Application of Mice Humanized for CYP2D6 to the Study of Tamoxifen Metabolism and Drug–Drug Interaction with Antidepressants

Tamoxifen is an estrogen receptor antagonist used in the treatment of breast cancer. It is a prodrug that is converted by several cytochrome P450 enzymes to a primary metabolite, N-desmethyltamoxifen (NDT), which is then further modified by CYP2D6 to a pharmacologically potent secondary metabolite, 4-hydroxy-N-desmethyltamoxifen (endoxifen). Antidepressants (ADs), which are often coprescribed to patients receiving tamoxifen, are also metabolized by CYP2D6 and evidence suggests that a drug–drug interaction between these agents adversely affects the outcome of tamoxifen therapy by inhibiting endoxifen formation. We evaluated this potentially important drug–drug interaction in vivo in mice humanized for CYP2D6 (hCYP2D6).
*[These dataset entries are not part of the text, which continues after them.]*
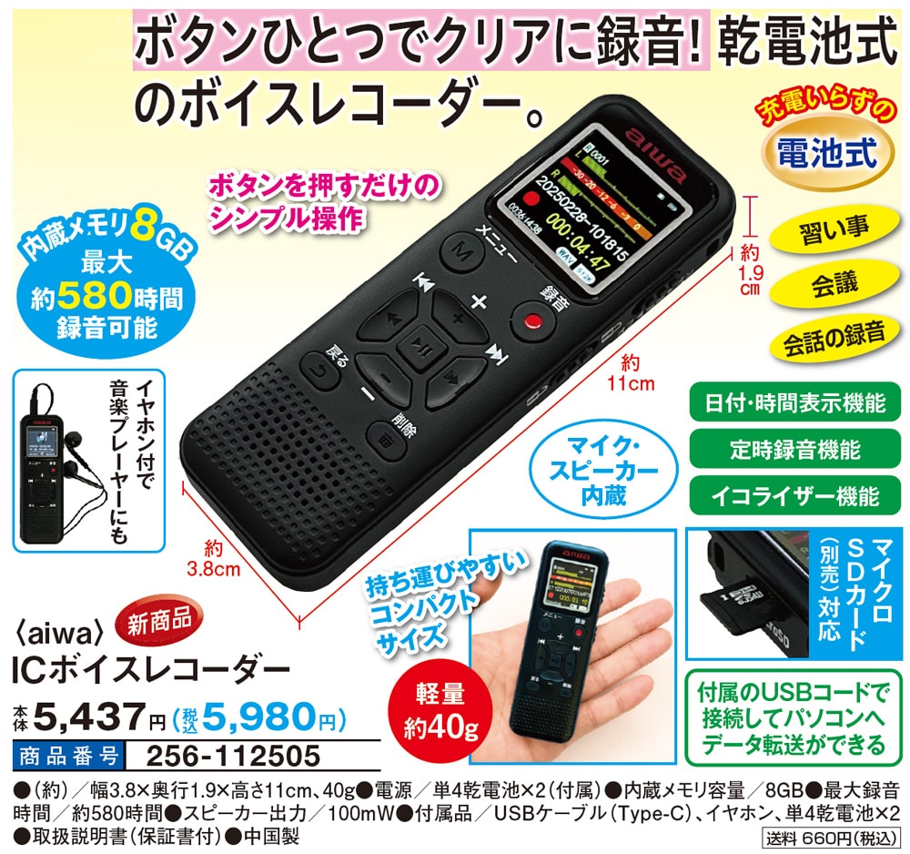 ●(約)/幅3.8×奥行1.9×高さ11cm、40g ●電源/単4乾電池×2(付属) ●内蔵メモリ容量/8GB ●最大録音時間/約580時間 ●スピーカー出力/100mW ●付属品/USBケーブル(Type-C)、イヤホン、単4乾電池×2 ●取扱説明書(保証書付) ●中国製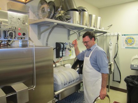 Dirty dishes in, clean dishes out.  “Marilyn”, our American Dish Service dishmachine, can wash 2 racks of dishes every 90 seconds.  We’d couldn’t do this without her!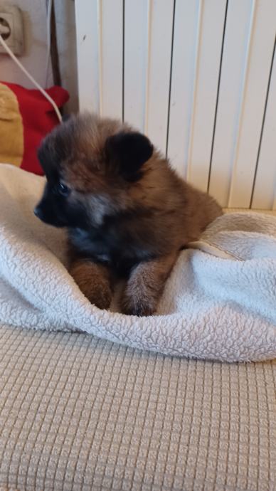 Sivo smeđa cura sa crnom njuškicom, čupava slobodna za novi dom. .Pia jede suhe kekse i mokru hranu. Težina kad odrastu za cure je do 5 kg. Rođena 01.10.2025. Očiščena od nametnika, čipirana sa EU putovnicom. Uzgoj prijavljen u Ministarstvu.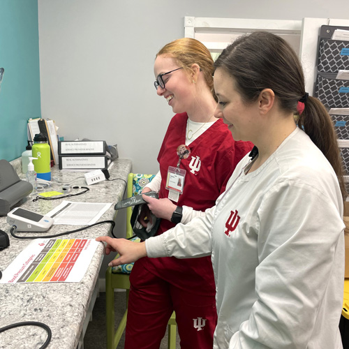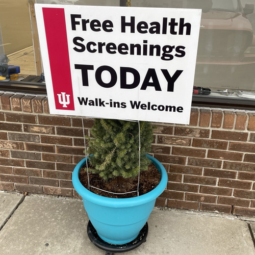 We did a free health screening, consisting of vital signs and glucose readings, in the parking lot of the Lawrence County Health Department and had a great turnout! The Hope Resource Clinic Mobile Unit also joined IU School of Nursing in these efforts. Going into spring 2021, the health care screenings progressed with the help of the Center for Rural Engagement purchasing equipment and expanding our services to include cholesterol screenings.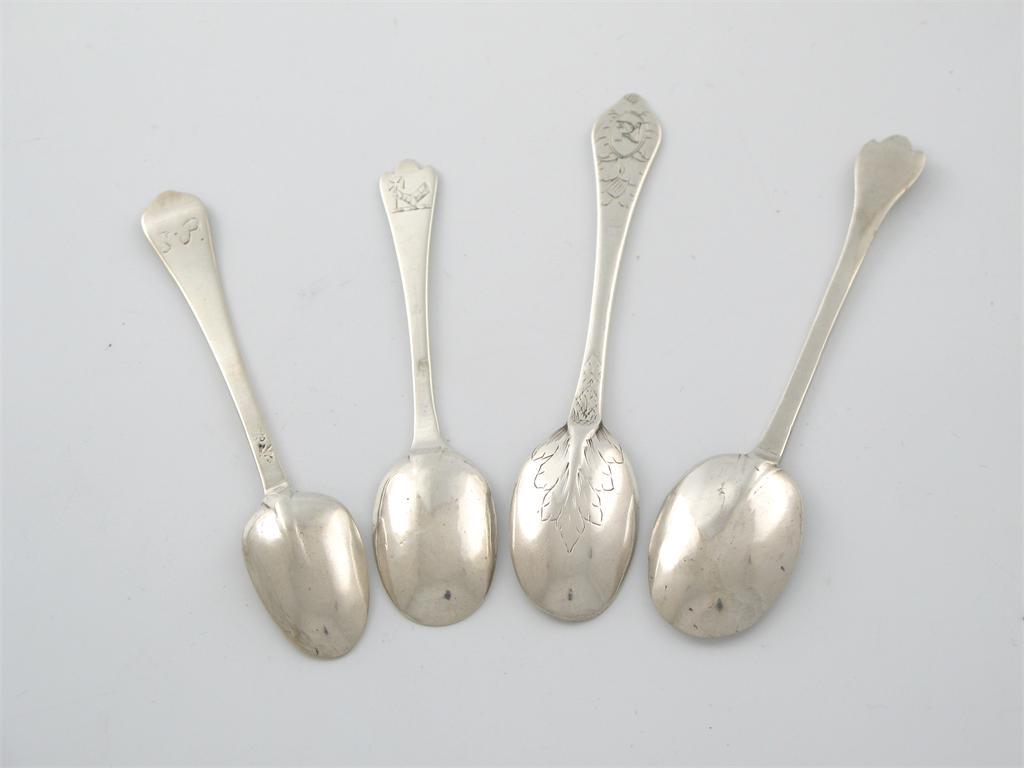 A William III wavy-end teapsoon, with engraving, monogrammed, makers mark 'IH' [crowned], London 1695 together with two small trefid spoons and a wavy end teaspoon with initials 'SP' and a indistinct makers mark, 1.5oz. (4)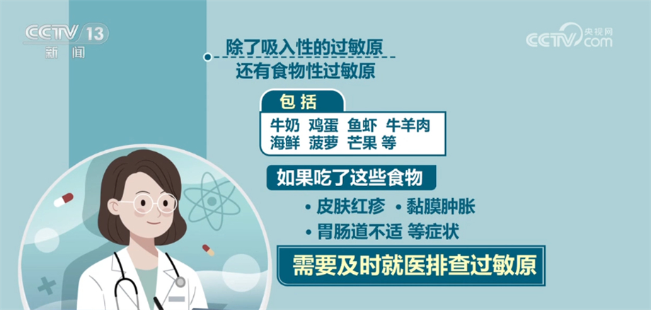 除了吸入性的过敏原,还有食物性过敏原,包括牛奶、鸡蛋、鱼虾、牛羊肉、海鲜、菠萝、芒果等,如果吃了这些食物出现皮肤红疹、黏膜肿胀、胃肠道不适等症状,需要及时就医排查过敏原。
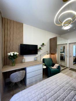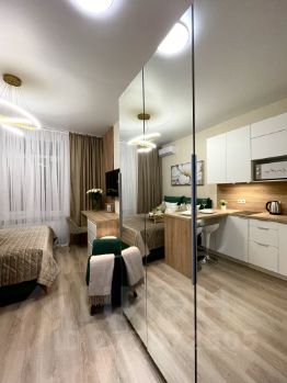 В апартаментах-хороший новый ремонт, есть все для комфортного проживания: кондиционер, двуспальная кровать с ортопедическим матрасом, стол-комод с полноценным рабочим местом,телевизор, кресло, шкаф, антресоль для вещей, холодильник, двухконфорочная плита, вытяжка,микроволновая печь, чайник,стиральная машина, пылесос,стремянка, гладильная доска, утюг, постельное белье, регулируемые барные стулья, в ванной установлен электрический полотенцесушитель, а также скрытая сушилка для белья, светодиодное освещение, управляемое с пульта управления.

The rate of conversion of NDT to endoxifen by hCYP2D6 mouse liver microsomes (MLMs) in vitro was similar to that of the most active members of a panel of 13 individual human liver microsomes. Coincubation with quinidine, a CYP2D6 inhibitor, ablated endoxifen generation by hCYP2D6 MLMs. The NDT-hydroxylation activity of wild-type MLMs was 7.4 times higher than that of hCYP2D6, whereas MLMs from Cyp2d knockout animals were inactive. Hydroxylation of NDT correlated with that of bufuralol, a CYP2D6 probe substrate, in the human liver microsome panel. In vitro, ADs of the selective serotonin reuptake inhibitor class were, by an order of magnitude, more potent inhibitors of NDT hydroxylation by hCYP2D6 MLMs than were compounds of the tricyclic class. At a clinically relevant dose, paroxetine pretreatment inhibited the generation of endoxifen from NDT in hCYP2D6 mice in vivo. These data demonstrate the potential of ADs to affect endoxifen generation and, thereby, the outcome of tamoxifen therapy.